Restrições a conflitos de interesses devem ser específicas.

20/3/2023

No cenário de vacância iminente no Supremo Tribunal Federal do cargo hoje ocupado pelo ministro Ricardo Lewandowski, emergiram questionamentos de natureza ética dirigidos à hipótese de indicação do advogado Cristiano Zanin Martins, que atuou como defensor do presidente Lula em inúmeros processos judiciais.

Em suma, a aventada possibilidade veio a ser objeto de críticas, fundadas em suposições de violação ao princípio da impessoalidade e de conflito de interesses, considerando não apenas o desempenho profissional do advogado em favor do presidente como também a amizade entre ambos. Além disso, surgiram contestações ao pretenso risco à imparcialidade judicial, tendo em vista a alegada identidade ideológica entre presidente e indicado, assim como uma inclinação favorável de Zanin ante à agenda política do atual governo.

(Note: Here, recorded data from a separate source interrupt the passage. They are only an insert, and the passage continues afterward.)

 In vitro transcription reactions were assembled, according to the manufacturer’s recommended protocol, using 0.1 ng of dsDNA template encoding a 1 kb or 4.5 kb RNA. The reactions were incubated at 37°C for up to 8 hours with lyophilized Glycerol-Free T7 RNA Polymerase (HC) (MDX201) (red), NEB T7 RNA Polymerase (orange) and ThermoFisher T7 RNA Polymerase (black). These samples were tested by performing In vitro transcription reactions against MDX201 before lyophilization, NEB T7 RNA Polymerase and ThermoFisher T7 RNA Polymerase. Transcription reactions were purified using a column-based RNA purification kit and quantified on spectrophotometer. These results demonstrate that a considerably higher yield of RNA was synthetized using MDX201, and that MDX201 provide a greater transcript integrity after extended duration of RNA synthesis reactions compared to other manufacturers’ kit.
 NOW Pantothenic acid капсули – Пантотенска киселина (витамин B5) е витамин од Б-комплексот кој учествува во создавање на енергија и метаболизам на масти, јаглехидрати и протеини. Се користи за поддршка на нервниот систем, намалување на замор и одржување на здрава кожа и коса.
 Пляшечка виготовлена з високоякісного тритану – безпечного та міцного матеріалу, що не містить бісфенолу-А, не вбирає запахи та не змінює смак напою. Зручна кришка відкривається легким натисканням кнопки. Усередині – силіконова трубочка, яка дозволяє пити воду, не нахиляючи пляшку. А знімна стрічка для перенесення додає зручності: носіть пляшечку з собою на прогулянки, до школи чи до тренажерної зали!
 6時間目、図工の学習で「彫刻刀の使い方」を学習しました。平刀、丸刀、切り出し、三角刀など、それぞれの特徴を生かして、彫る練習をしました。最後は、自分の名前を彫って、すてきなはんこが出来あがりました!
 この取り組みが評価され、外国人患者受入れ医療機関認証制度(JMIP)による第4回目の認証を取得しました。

Essas ilações de potencial ocorrência de conflito ético resultam de equívocos que desconsideram as implicações objetivas da mutação profissional que sofre um advogado militante ao migrar para a magistratura. Ao despedir-se da profissão, o advogado deixa a condição de representante judicial de seus clientes e encerra os seus vínculos contratuais. Seu compromisso passa a ser com uma atividade de índole distinta, na qual não valem apenas os argumentos de quem o contrata para sustentar interesses.

O juiz decide a partir de uma contraposição de razões e argumentos, destituído da obrigação de exercício parcial de um trabalho técnico. Assumindo função judicial, o antes advogado não mais se obriga a referendar designíos da clientela que possuía. Porém, uma vez guindado ao mister judicial, ressalve-se, deve se afastar —declarando suspeição— do exame de causas que tenha patrocinado ou em relação às quais haja emitido parecer específico. Essa é a praxe habitual, respeitada inclusive pelos ministros do STF, sem que existam contestações relevantes.

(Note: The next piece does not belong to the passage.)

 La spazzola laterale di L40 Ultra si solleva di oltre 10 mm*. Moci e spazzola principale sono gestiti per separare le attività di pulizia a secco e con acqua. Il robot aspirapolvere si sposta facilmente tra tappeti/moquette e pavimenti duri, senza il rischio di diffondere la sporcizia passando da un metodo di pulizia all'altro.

Observadas tais contenções, não há impedimento à indicação de advogado ao cargo de ministro do Supremo, nem mesmo quando tenha havido a representação profissional pretérita do próprio presidente da República. Isso porque a noção de conflito de interesses não está relacionada à condição anterior à assunção da função judicial, senão à manutenção contemporânea de relações indevidas durante o exercício da magistratura, ou mesmo ao que diz respeito à possível obtenção de vantagens posteriores ao desligamento da judicatura, em caso de haver sido constituído nesta função algum benefício em prol de quem posteriormente vem compensar a vantagem auferida.

Desse modo, a atuação de Cristiano Zanin Martins como advogado pessoal de Lula não obsta a sua indicação para o cargo de ministro do STF, seja à luz do texto da Constituição, que exige requisitos por ele ostentados (reputação ilibada e notável saber jurídico), seja pela consonância com pressupostos de ética pública, haja vista a inexistência de potencial conflito de interesses no caso concreto.

Note-se que a cogitação de obstáculos decorrentes da presumível amizade entre o presidente da República e o indicado apenas ganharia sentido jurídico em caso da demonstração de existência de amizade íntima. E, mesmo nesse caso, as restrições se limitam aos processos de interesse personalíssimo, que em nada se confundem com matérias de índole político-administrativa ou governamental. Convém assinalar que a relação advogado-cliente, embora baseada na confiança recíproca, não necessariamente implica aproximação afetiva. 

É um engano supor que patronos e representados de regra mantenham amizade íntima a ponto de desnaturar a independência profissional que o advogado poderá desfrutar quando venha a desempenhar encargo diverso. Ademais, é bom lembrar que a vitaliciedade é uma garantia que assegura ao juiz o rompimento de qualquer tipo de dependência em relação àquela autoridade que o tenha nomeado, porquanto por ela não poderá ser dispensado, como se fora ocupante de cargo demissível "ad nutum".

Vale ainda salientar que a afinidade de ideias entre o presidente da República e o seu escolhido para o cargo de ministro do STF, ao contrário do quanto erroneamente vem sendo propalado, não constitui espécie alguma de deformidade jurídico-institucional, muito menos induz a conclusão de haver violação à imparcialidade.

Na verdade, o alinhamento do indicado com o projeto político democraticamente preponderante e encarnado na figura do presidente da República é algo absolutamente natural quando se trata do provimento de cargos em cortes constitucionais mundo afora. Isso não quer dizer, entretanto, que a isenção do magistrado reste prejudicada devido a essa compreensível empatia ideológica existente entre ambos.

Aos magistrados do STF se impõe proceder aos seus juízos sob o fundamento lógico dos textos legais e, sobretudo, do conteúdo da Constituição. Não se trata, portanto, do exercício de uma função política criativa, tampouco desatrelada de vínculos e condicionantes normativos.

Nada obstante, tem-se como bastante plausível o esforço do presidente da República no sentido de nomear para o STF um jurista que seja aos seus olhos comprovadamente competente, além de capaz de exercitar a jurisdição constitucional, na medida do possível, em harmonia com o propósito de privilegiar os direitos fundamentais e sociais enunciados em seu programa de governo.

Mauro de Azevedo Menezes
Advogado, é ex-presidente da Comissão de Ética Pública da Presidência da República (2016-2018, governos Dilma e Temer), mestre em direito público (UFPE) e doutorando em ciências jurídicas e políticas (Universidad Pablo de Olavide); professor convidado na Universidad Castilla La Mancha.